Taking her. Having her. Claiming her.

He wanted it so much. He wanted to make love to her on the settee, on the floor, to carry her up to her bed, he didn’t care where. He just wanted to strip her bare, touch her everywhere, feel her body flex around his as she gasped and cried out his name in pleasure. He wanted to pretend that he wasn’t who he was. That he could do all those things and then walk with her in the park and take her to museums and build something that felt like a life when images of it fluttered around the edges of his heated mind.

Only he couldn’t. He fought the tide of pleasure her touch created, tried to recall that he wasn’t an absolute bastard and he had to pull away. After another moment in her arms, he would pull away.

“Stop touching her!”

The sharp, angry voice at the door startled them apart. Flora pivoted, her face bright with embarrassment, and they both faced the intruder. It was Callum, standing with Theo just behind him. And they both looked very angry.

“Oh no,” Flora said, getting up and moving toward them, her hands raised. “I realize what this looks like, but you needn’t defend my honor. I wanted this, I—”

“Don’t,” Theo said softly, taking her hand and drawing her between them as he glared at Roarke. And in that moment he knew that they had uncovered his secret. And they were going to reveal him in this worst possible moment in the worst possible way.
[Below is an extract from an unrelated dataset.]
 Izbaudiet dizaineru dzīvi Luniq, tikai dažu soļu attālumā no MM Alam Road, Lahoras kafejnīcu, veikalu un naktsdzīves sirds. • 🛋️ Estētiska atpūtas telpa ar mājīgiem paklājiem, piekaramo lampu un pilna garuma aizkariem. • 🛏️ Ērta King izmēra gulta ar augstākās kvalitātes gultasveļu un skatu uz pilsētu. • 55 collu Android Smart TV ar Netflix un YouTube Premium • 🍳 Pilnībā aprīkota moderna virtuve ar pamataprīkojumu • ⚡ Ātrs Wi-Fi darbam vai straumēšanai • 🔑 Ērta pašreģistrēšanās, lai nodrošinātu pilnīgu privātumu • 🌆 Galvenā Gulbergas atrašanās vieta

And everything would burn around him.

 

 

CHAPTER 13

 

 

Flora shook her head, still trying to find a way to explain to her two friends, her gallant protectors, that what they had interrupted wasn’t something negative. It certainly hadn’t felt like that, not at all. Roarke had offered her vulnerability, a glimpse at something devastating in his life. And when she had offered comfort in response it had all made sense.